Сухость, терпкая мягкость, прозрачность и ясность.
Чем спокойнее время, тем больше опасность,
Что лавина захватит живущих врасплох,
Ибо им, замечающим всякую частность,
Не понять тектонических сдвигов эпох.

Мягкость терпкая, ясность, прозрачность сухая.
Взгляд неспешно ползёт по горам, отдыхая
От понятной жестокости плоских равнин.
Если притча и есть здесь, то притча плохая,
Если есть здесь и вывод, то он не один.

Ясность, сухость, прозрачность — не влажная вялость.
В щель меж двух катастроф так удачно вписалось
Поколенье моё. От фортуны — сюрприз
Нам достался, такая блаженная малость.
Можно даже сказать: мы последние из
Тех, кому ещё мерили температуру,
Тех, кто вслух говорил про любовь и культуру,
Отворяя в горячую зелень окно.

И упорно искали другую фактуру,
И ценили иное — не то, что дано.

(2006)

АБСТРАКЦИЯ № 724

— Что же нам делать, сеньор?
— Что делать? — переспросил Дон Кихот.
— Оказывать помощь и покровительство слабым и беззащитным.
Сервантес

Щёлкать орехи в горнице у окна.
Если не думать о будущем, время проходит быстро.
Из четырёх царевен всего одна
Переживёт отца и избежит убийства.
Так корыто, подставленное под решето,
Наполняется мусором и шелухою.
Если и вправду грядущее предрешено,
То не грех и просто махнуть на него рукою.

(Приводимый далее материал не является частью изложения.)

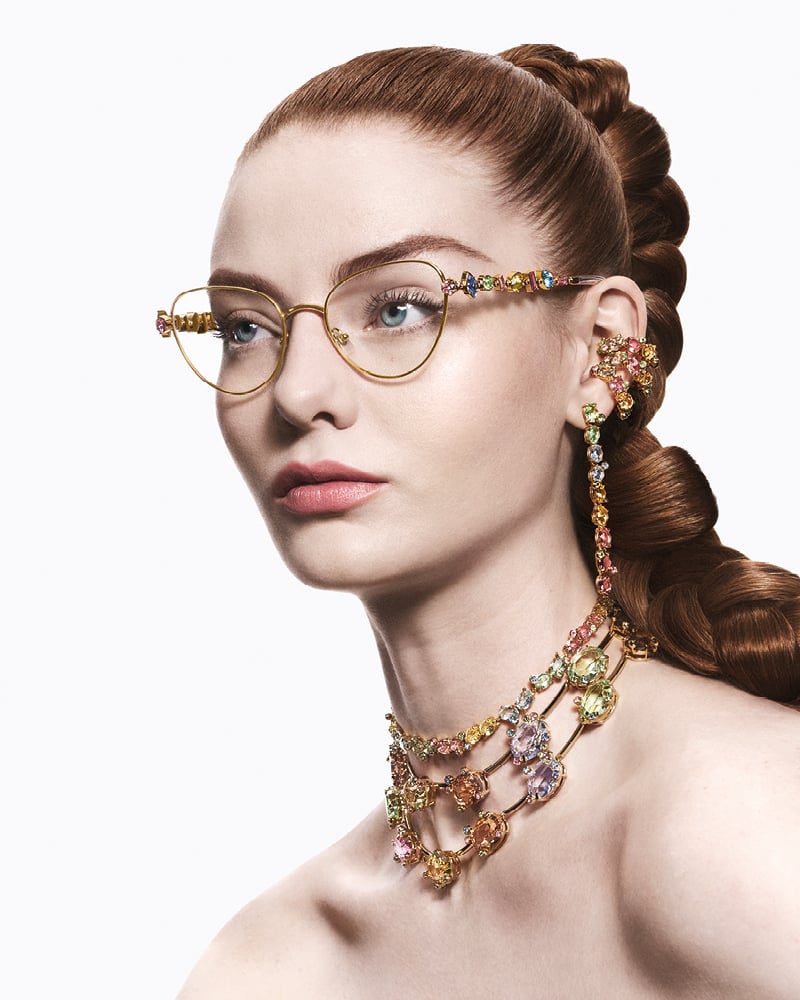 Deze collectie is geïnspireerd op de iconische sieraden van Swarovski. Deze brillen combineren stijl en elegantie met een futuristisch randje. De zorgvuldig geplaatste kristallen geven elk montuur een luxueuze uitstraling die echt opvalt. Een perfecte mix van moderne klasse en een sprankelend accent. Perfect voor wie op een stijlvolle, verfijnde manier wil opvallen.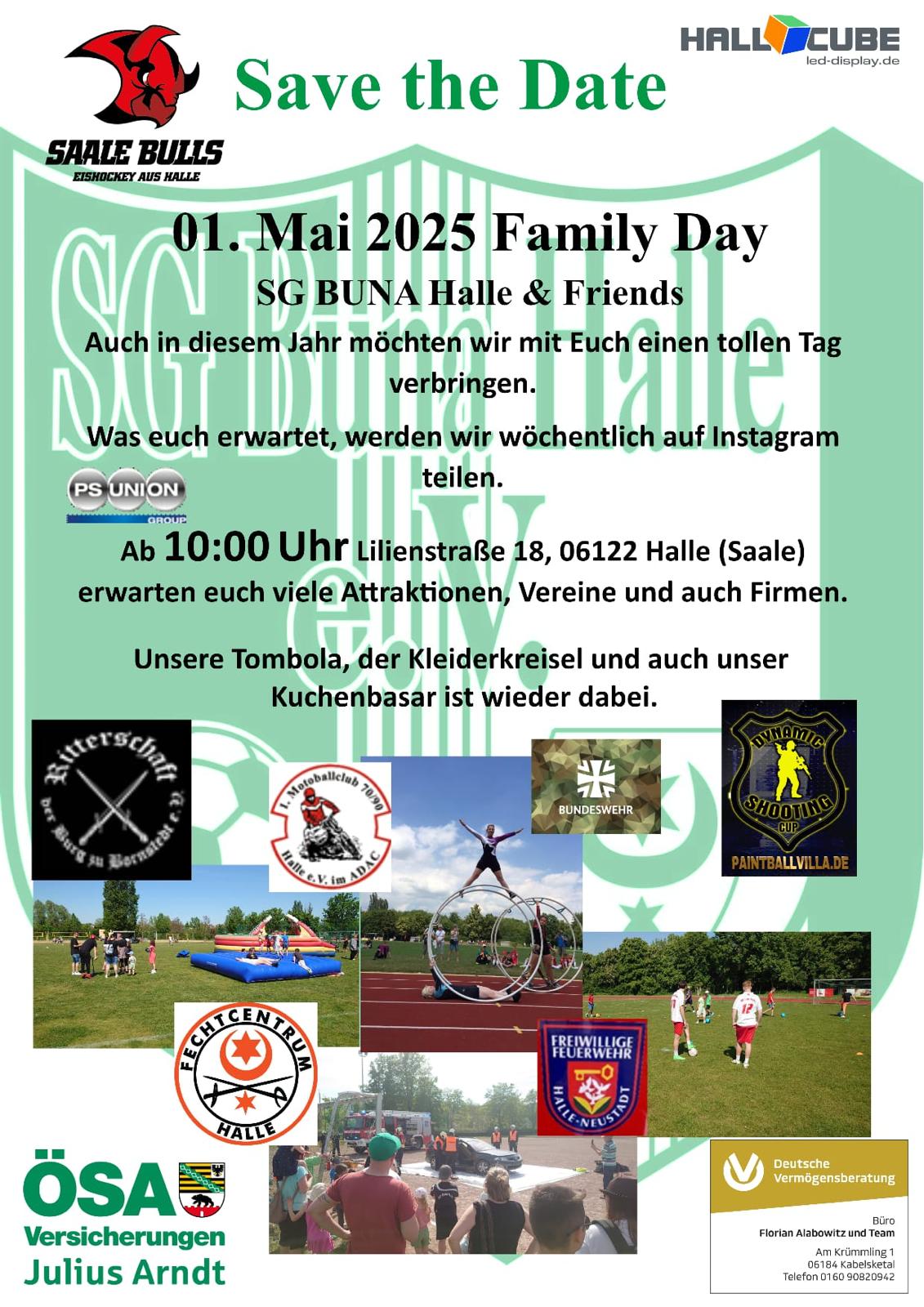Am 1. Mai ist es wieder so weit: Die SG Buna Halle lädt gemeinsam mit befreundeten Vereinen und Organisationen zum 2. Family Day SG Buna Halle & Friends ein. Von 10:00 bis 17:00 Uhr erwartet Familien auf dem Gelände der SG Buna ein buntes Fest mit einem vielseitigen Programm – Mitmachen, Staunen und Erleben ausdrücklich erwünscht!

Над вечно вращающимся нудным веретеном
Трещит в допотопной лампе плохое масло.
Из сорока столетий всего в одном
Может родиться пророк — да и то напрасно.
Но уж если пророк побывал в гостях
У планеты, то ждите блестящей стали:
Бесконечные воины встают под стяг,
Взаимозаменяемые как детали.

Индивидуальность пуле не так нужна.
В порнофильме зрителю важны не лица.
Из четырёхсот фантазий всего одна
Имеет шанс в реальности осуществиться.
Но, невзирая на всё это, мы должны,
Как по званию и надлежит нам,
Позабыв, что мы сами не вооружены,
Оказывать покровительство слабым и беззащитным.

(2004)

* * *

Если б ты крепче прижалась грудью к моей спине
Во сне,
Джульетта моя, Мадонна моя, моя Лукреция,
Я бы лежал, боясь шелохнуться, в ночной тишине,
И мне
Полюбилась бы больше планета Земля, страна Италия, город Венеция.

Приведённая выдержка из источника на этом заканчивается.